Malgré lui, Stephen sourit. Michel est exactement l'exutoire qu'il lui fallait.

— Oui, et je suis sûr qu'Ann l'a fait exprès. (Son humeur retourne à la noirceur aussi sec.) Elle transforme à volonté son apparence, sa voix, son allure, son accent, tous ses signaux corporels, et elle est capable de le faire à une vitesse ahurissante. Elle voulait que je sache sans nul doute possible.

— Euh...

— Il y a d'autres choses, des choses que je ne pouvais pas voir parce que je ne savais pas que je devais y prêter attention. Chez Nussbauer, plusieurs fois, elle a disparu ou elle est réapparue, comme ça, d'un coup. Nous discutions ; j'ai mis ça sur le compte de l'intérêt que je portais à ce que Nussbauer disait. Il y a aussi l'intérêt qu'elle portait, elle, à mon travail. Je pensais qu'elle me testait pour protéger Nussbauer, mais même à Avoriaz, elle m'a fait parler de mon boulot. Et à l'aéroport, à Genève, elle a prétexté qu'elle détestait les adieux dans les salles d'embarquement pour que nous nous séparions à l'extérieur. J'ai vérifié. Il y avait un Genève-Berlin dix minutes après le Genève-Athènes.

— Tu crois que c'est par toi qu'elle est remontée jusqu'à la cellule berlinoise ?

— Je ne l'ai jamais mentionnée. Non, je crains d'avoir couché avec un monstre pour qui je suis un livre ouvert et qui connaît mon adresse et mon numéro de téléphone.

Stephen quitte le banc. À sa grande surprise, Michel rafle son sac et le suit.

— Si tu as encore un peu de ce saint-véran, je crois qu'on va aller se saouler ensemble.
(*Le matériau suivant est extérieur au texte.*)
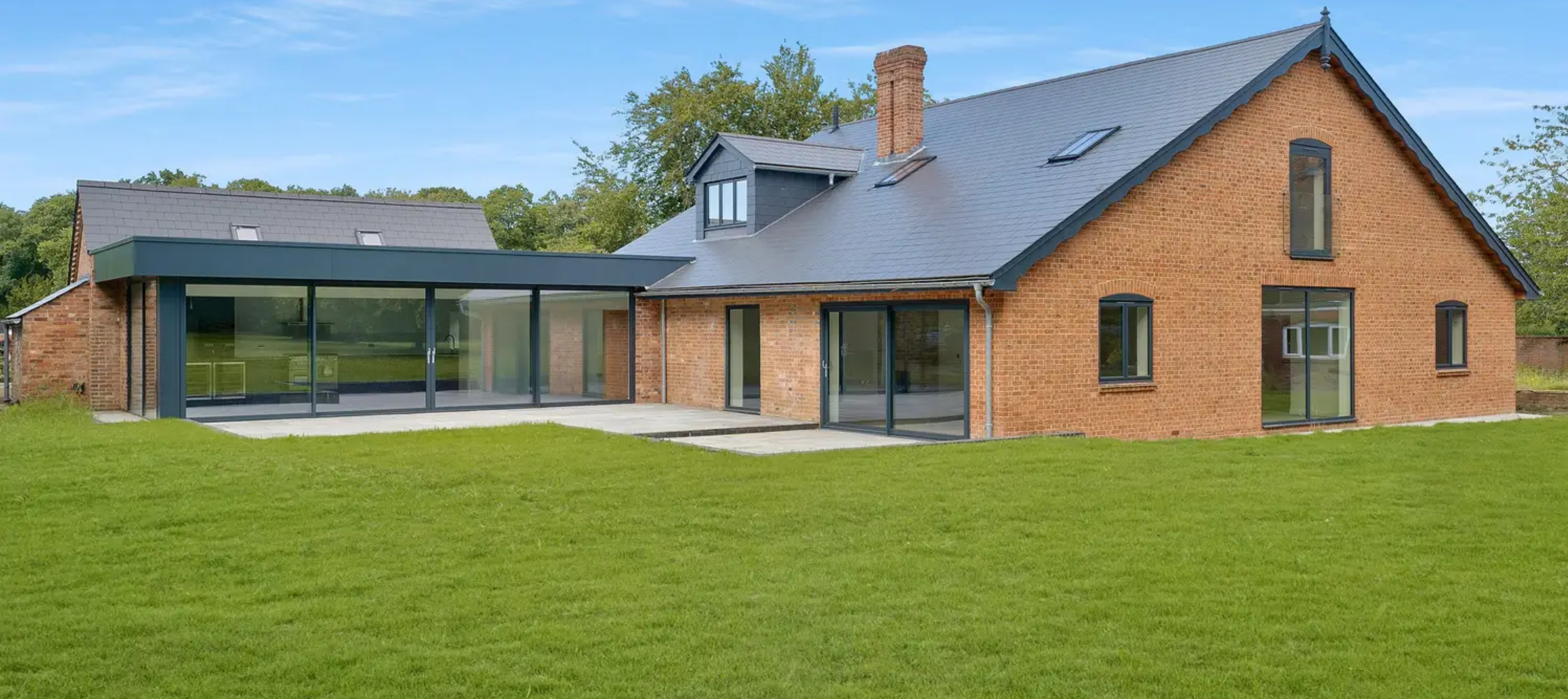
Orlestone Lodge, Ashford Road, Hamstreet £1,345,000
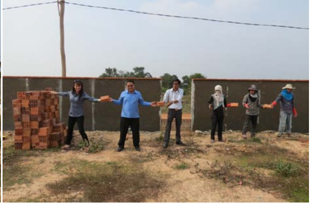
The Land Title in its land

Stephen est tellement interloqué que Michel ajoute :

— Tu te rappelles la blonde ?

— L'Allemande d'Uzès, Hilde ?

— Non, la tienne.

— Pardon ?

— Je t'en ai parlé plusieurs fois. Je l'ai aussi vue à Uzès d'ailleurs. On la soupçonnait de bosser pour Delaunay après l'avoir soupçonnée d'être un chien de garde de Decaze. Tu te rappelles ? C'était le jour des monte-en-l'air. Même que je pensais l'avoir aperçue en brune à une autre occase et que tu me prenais pour un affabulateur.

Stephen lui attrape le bras. Il a les yeux hagards, mais les mots ne parviennent pas à se former.

— T'as pigé, lâche Michel. C'est peut-être pas un hasard si t'arrives pas à te souvenir d'elle et si je suis incapable de la décrire.

Stephen a juste le temps de s'appuyer sur le dossier du banc pour vomir derrière.